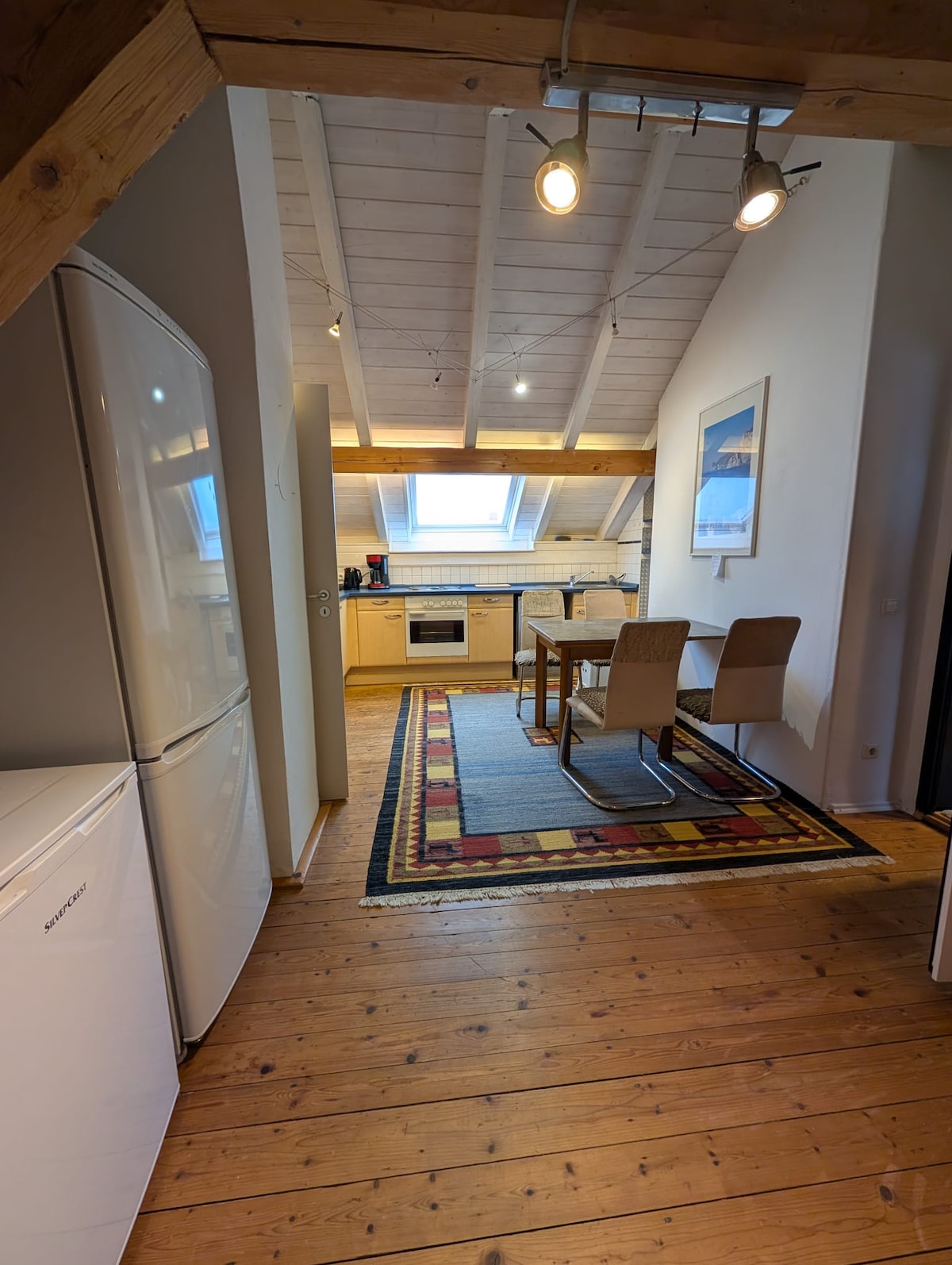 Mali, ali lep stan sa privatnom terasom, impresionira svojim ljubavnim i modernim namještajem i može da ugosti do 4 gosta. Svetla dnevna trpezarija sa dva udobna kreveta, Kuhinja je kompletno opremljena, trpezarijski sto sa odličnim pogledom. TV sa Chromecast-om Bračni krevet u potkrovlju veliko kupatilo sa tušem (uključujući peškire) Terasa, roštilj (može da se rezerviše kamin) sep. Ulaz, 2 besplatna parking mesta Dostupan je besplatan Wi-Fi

--

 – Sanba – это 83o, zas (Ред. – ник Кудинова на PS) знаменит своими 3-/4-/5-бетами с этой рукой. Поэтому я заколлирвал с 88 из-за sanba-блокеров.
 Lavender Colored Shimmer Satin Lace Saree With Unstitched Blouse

▶ **Work item**: The lines above starting at the one that contains "88 из-за sanba-блокеров." and ending at the one that contains "Lavender Colored Shimmer" must be transcribed exactly, and no other lines may appear.

▶ **Response area**:
 – Sanba – это 83o, zas (Ред. – ник Кудинова на PS) знаменит своими 3-/4-/5-бетами с этой рукой. Поэтому я заколлирвал с 88 из-за sanba-блокеров.
 Lavender Colored Shimmer Satin Lace Saree With Unstitched Blouse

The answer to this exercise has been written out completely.